AVC: Nobody in Africa has ever said “Kumbaya,” unless they’re singing the song.
AK: Maybe this something you find quite often in religion as well, but it’s a way of reinforcing your own sense of superiority that is pretty unappealing.
AVC: You’re the first person to pick a standard or spiritual for Hatesong, so congratulations. It’s hard to believe no one’s chosen “Happy Birthday” yet.
AK: I can’t stand that song! Whenever I have a birthday, I always request that it isn’t sung. Is there any good song about a birthday? Maybe the band The Birthday Party counts. I’d rather listen to the song “Release The Bats” by The Birthday Party. That’s probably a better way to celebrate.
Do you think people hate the birthday song because you hear it too much as a child?
AVC: It could be that, but it’s also a little anticlimactic. There’s never any passion behind it. It just seems obligatory and sad.
AK: You feel obliged to sing it. That’s true and it’s weird isn’t it? A song like “Happy Birthday” is so celebratory, and there’s very little joy in the celebration of the music itself.

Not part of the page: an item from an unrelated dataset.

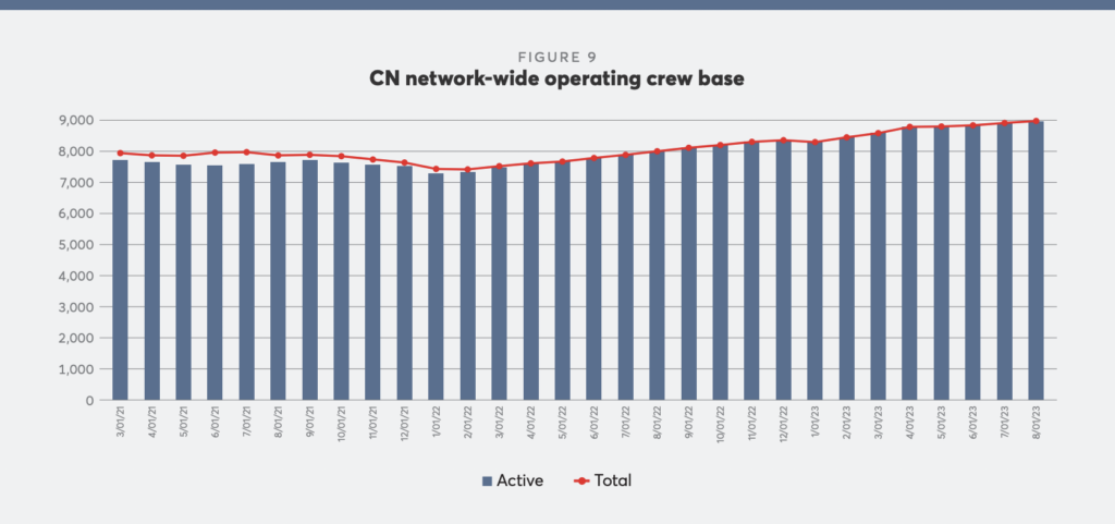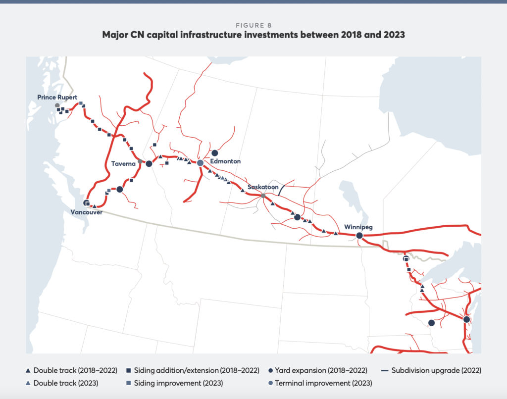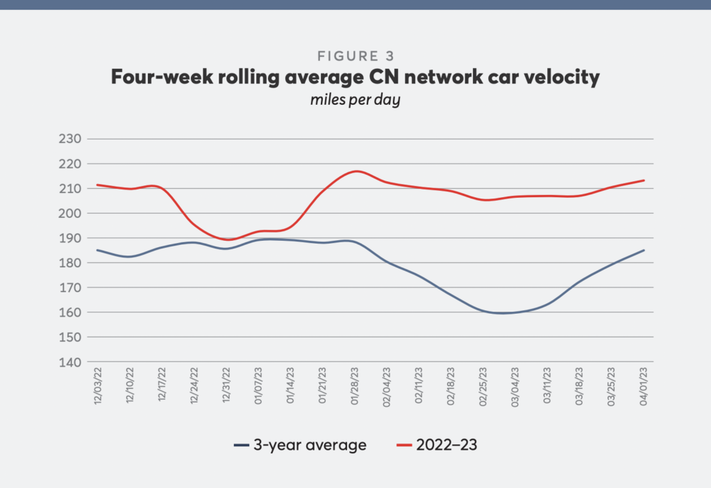 3. Improving network performance. CN said it has made fundamental changes to its operating plan to increase car velocity and reduce terminal and yard dwell. As a result, it can handle more volume with the same number of assets and crews. Launched in 2022, the operating plan “delivered the best railcar velocity since 2016 and strong, consistent traffic movement,” reported the railroad, which added that further plan enhancements are expected to deliver incremental improvements.

AVC: You could say that’s what’s happened to “Kumbaya” as well. Since it was originally a spiritual, there’s supposed to be this deeper meaning in it, but because you hear it so many times when you’re young, like when you’re learning to play the guitar or whatever, all the meaning got sucked right out.
AK: I don’t know enough about the history of the song and I don’t want to comment on what the original meaning might have been. I only know my experience of it and how I run into it and the emotions that it triggered in me and, for all I know, it could have been a very powerful song back in the 19th century.